▶ _The task_: Copy the data below exactly, but not the pictures it contains.
===== Data below
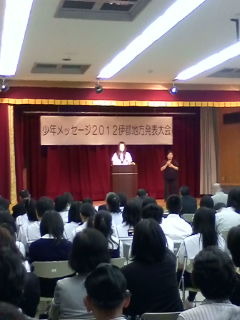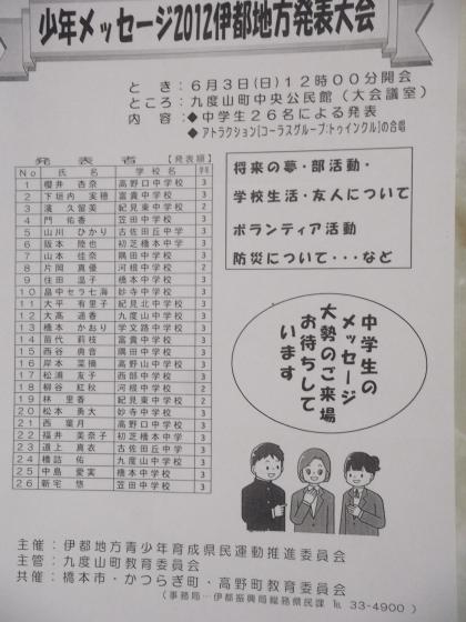 少年のメッセージ伊都大会が九度山の中央公民館で開催されました。山本佳奈さん(地域活動を通して)と西谷典音(私が今 思っていること)さんが隅田中学校を代表して発表してくれました。
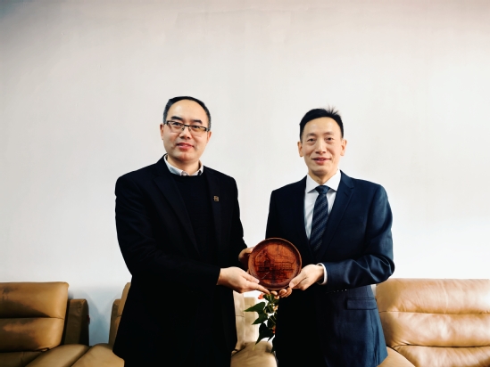 儀式前,劉德強(qiáng)代表學(xué)校向王聚校友贈送了以學(xué)校大禮堂為原型設(shè)計(jì)的木雕紀(jì)念品。
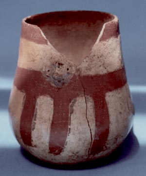 Tecomate de pared curvo convergente, base convexa, borde redondeado. Decoración: borde pintado de rojo, abajo del borde un diseño zoomorfo en relieve, abajo de él una banda roja horizontal, de la cual salen 6 bandas rojas separadas equidistantemente.
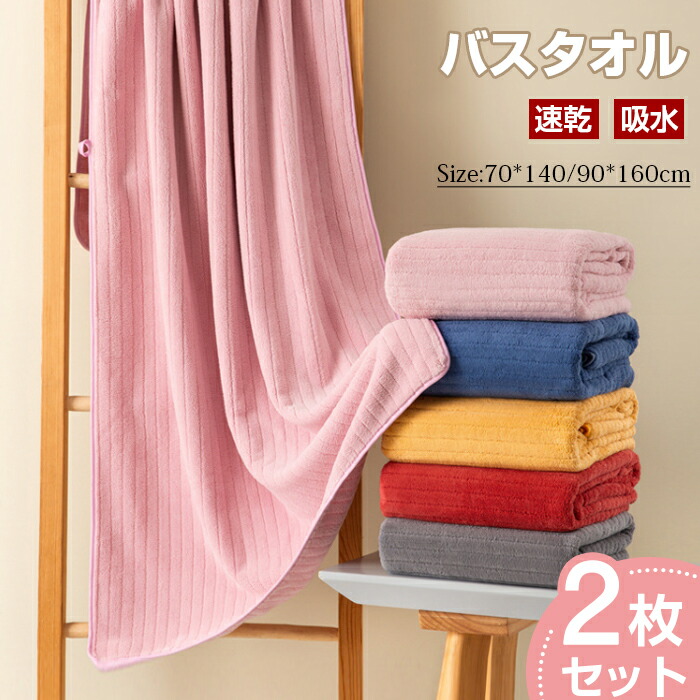 バスタオルタオルケット90*160cm70*140cm2枚セットバスタオルセットホテルスタイル縞柄大判厚めマイクロファイバー高速吸水速乾耐久性ふわふわ肌触りよい柔らかい無地ブランケットまとめ買い
==========
▶ _Solution_:
 少年のメッセージ伊都大会が九度山の中央公民館で開催されました。山本佳奈さん(地域活動を通して)と西谷典音(私が今 思っていること)さんが隅田中学校を代表して発表してくれました。
 儀式前,劉德強(qiáng)代表學(xué)校向王聚校友贈送了以學(xué)校大禮堂為原型設(shè)計(jì)的木雕紀(jì)念品。
 Tecomate de pared curvo convergente, base convexa, borde redondeado. Decoración: borde pintado de rojo, abajo del borde un diseño zoomorfo en relieve, abajo de él una banda roja horizontal, de la cual salen 6 bandas rojas separadas equidistantemente.
 バスタオルタオルケット90*160cm70*140cm2枚セットバスタオルセットホテルスタイル縞柄大判厚めマイクロファイバー高速吸水速乾耐久性ふわふわ肌触りよい柔らかい無地ブランケットまとめ買い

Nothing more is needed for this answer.